Cette course contre la montre, doublée du statut de parent, engendre généralement un rythme de vie difficile à soutenir. C’est le cas de la diplômée d’une maîtrise de HEC Montréal en management des entreprises culturelles Leïla Afriat. Afin de respecter les délais de dépôt et ayant eu un fils durant ses études, elle a rédigé son mémoire à coups de quelques heures chaque nuit, travaillant le jour et s’occupant de son enfant le soir. « J’ai eu des bonnes notes, j’ai fait mon dépôt dans les temps, mais j’en ai payé le gros prix, sur ma santé, mon moral, mais sur mon couple aussi », indique-t-elle.

Visibilité et prestige

La revue Nature faisait paraître en 2013 une étude réalisée par le professeur en bibliothéconomie de l’UdeM Vincent Larivière concernant les inégalités entre les sexes dans le milieu de la recherche. Cette étude basée sur l’analyse de plus de cinq millions d’articles scientifiques démontre que seulement 27,3 % d’entre eux, toutes disciplines confondues, étaient signés par des femmes. Les auteures, seraient aussi moins citées que les hommes. Pour ce qui est du financement des recherches, les femmes auraient 15 000 $ de moins en subventions publiques et, dans les entreprises privées, elles recevraient la moitié des sommes obtenues par les hommes. En février dernier, M. Larivière rappelait au journal Le Devoir l’incidence de la maternité dans ces inégalités.

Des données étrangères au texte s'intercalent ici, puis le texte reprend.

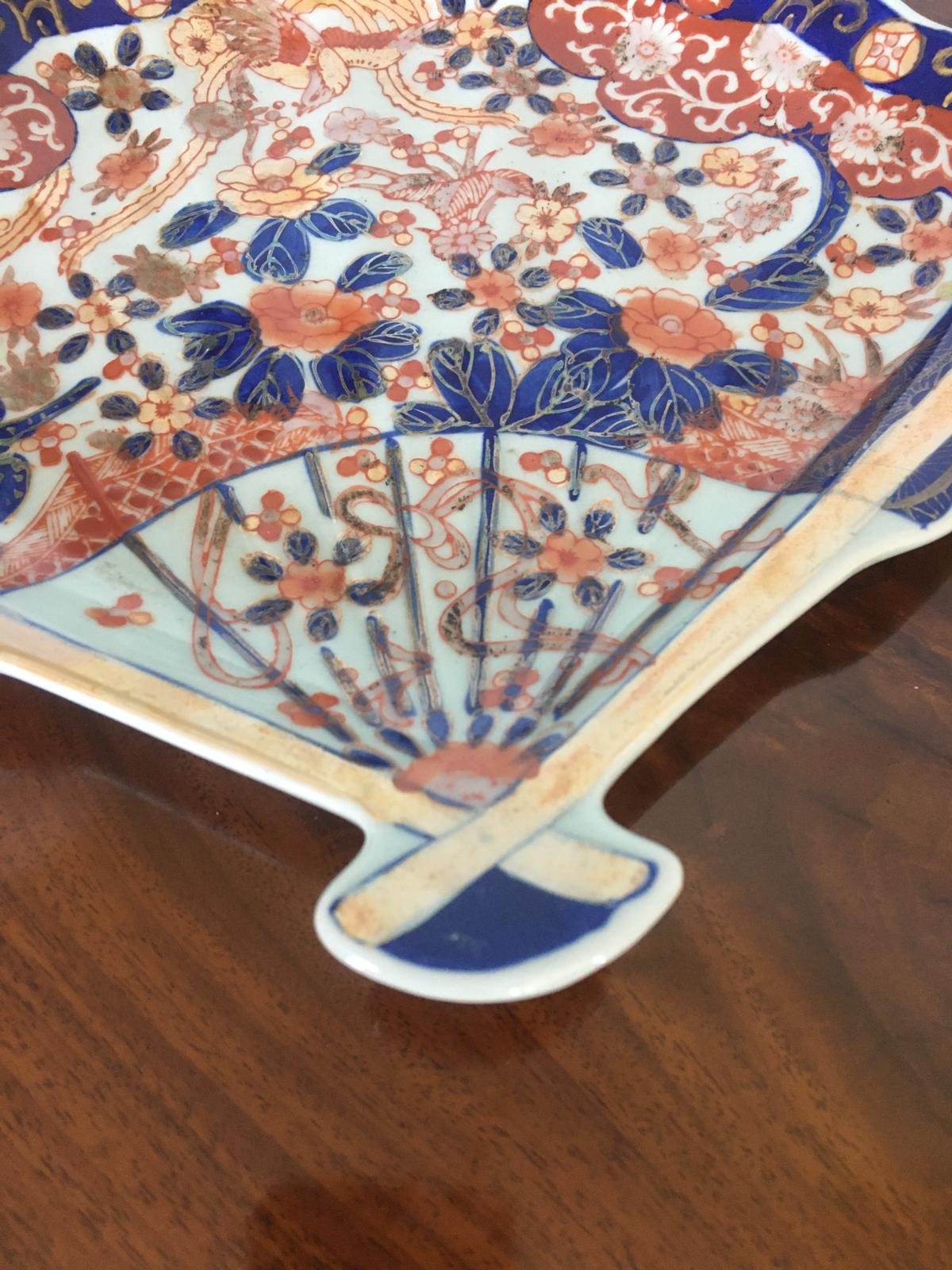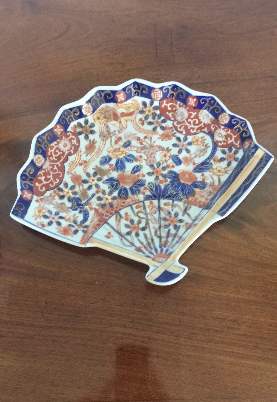 Unusual Imari style fan shaped plate having wonderfully vivid red, blue and gold coloured decoration.

Selon Jessica, les responsabilités familiales influencent la mobilité des chercheuses et leur participation à des conférences, ce qui affecte la visibilité de leurs travaux. « Que ce soit durant la grossesse ou durant l’allaitement, ton corps est complètement mobilisé et les activités ou déplacements sont difficiles », souligne Jessica. Il en est de même lorsque les recherches impliquent des travaux de terrain de longue haleine, courants dans les cycles supérieurs. Cet aspect a été crucial quant à la poursuite des études de l’ancienne étudiante au doctorat en anthropologie Aude Leroux-Chartré. Pourtant récipiendaire d’une bourse de 35?000 $ par année de la part du Conseil de recherches en sciences humaines (CRSH), c’est la réalité du terrain qui l’a, entre autres, découragée de continuer ses études doctorales. « Amener mes deux enfants sur mon terrain au Brésil était pour ainsi dire impossible et l’idée d’être éloignée d’eux aussi longtemps était impensable », précise-t-elle, sachant que la durée moyenne d’une étude de terrain au doctorat est d’un an.

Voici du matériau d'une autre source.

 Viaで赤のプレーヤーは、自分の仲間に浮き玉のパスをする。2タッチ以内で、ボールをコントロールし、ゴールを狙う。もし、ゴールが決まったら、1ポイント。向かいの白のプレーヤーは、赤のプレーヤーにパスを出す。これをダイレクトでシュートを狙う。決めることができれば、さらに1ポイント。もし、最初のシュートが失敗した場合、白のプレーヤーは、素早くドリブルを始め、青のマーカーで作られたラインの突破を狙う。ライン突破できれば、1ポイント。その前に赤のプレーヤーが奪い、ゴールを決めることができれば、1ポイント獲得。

Quelques pistes de solutions

Pour les trois chercheuses, aucun protocole n’était disponible dans les universités afin de connaître les ressources à portée de main pour faciliter la poursuite de leurs études. S’il existe quelques bourses de maternité à l’UdeM, elles sont proposées tous les deux ans et offrent une somme de 4?000 $, ce qui ne permet pas de répondre aux réels besoins des parents étudiants. Selon Jessica, un premier pas serait d’offrir des frais de garderie dans les remboursements de frais de colloque, afin de soulager le fardeau financier que vivent les parents en déplacement. « Aussi, le congé de maternité devrait être officiellement reconnu et on devrait cesser de le confondre avec un simple arrêt d’études », ajoute-t-elle. Cette suggestion est d’ailleurs partagée par Aude, qui propose en plus d’installer des aires d’allaitement dans les départements. Si l’UdeM offre déjà un système de garderie, Leïla le juge mal adapté à la demande. Elle souhaiterait plutôt une halte-garderie de quelques heures, afin de permettre aux étudiantes de participer à leurs séminaires. [NDLR: Un service de cet ordre est cependant offert par la FAÉCUM.]

Ces suggestions sont simples, efficaces, mais encore loin de la réalité actuelle. Parce que l’âge d’avoir des enfants correspond généralement à l’âge d’entrée aux études supérieures, il existe une nette inégalité entre les hommes et les femmes dans le milieu universitaire. Malgré les avancements des dernières années en ce qui a trait à l’équité de traitement entre les sexes, un fait se dégage : tant que les universités ne feront pas en sorte d’alléger le fardeau des étudiantes voulant devenir mères, un sexisme systémique quant à l’égalité des chances entre hommes et femmes continuera de se perpétrer et empêchera de briser, une bonne fois pour toutes, le plafond de verre.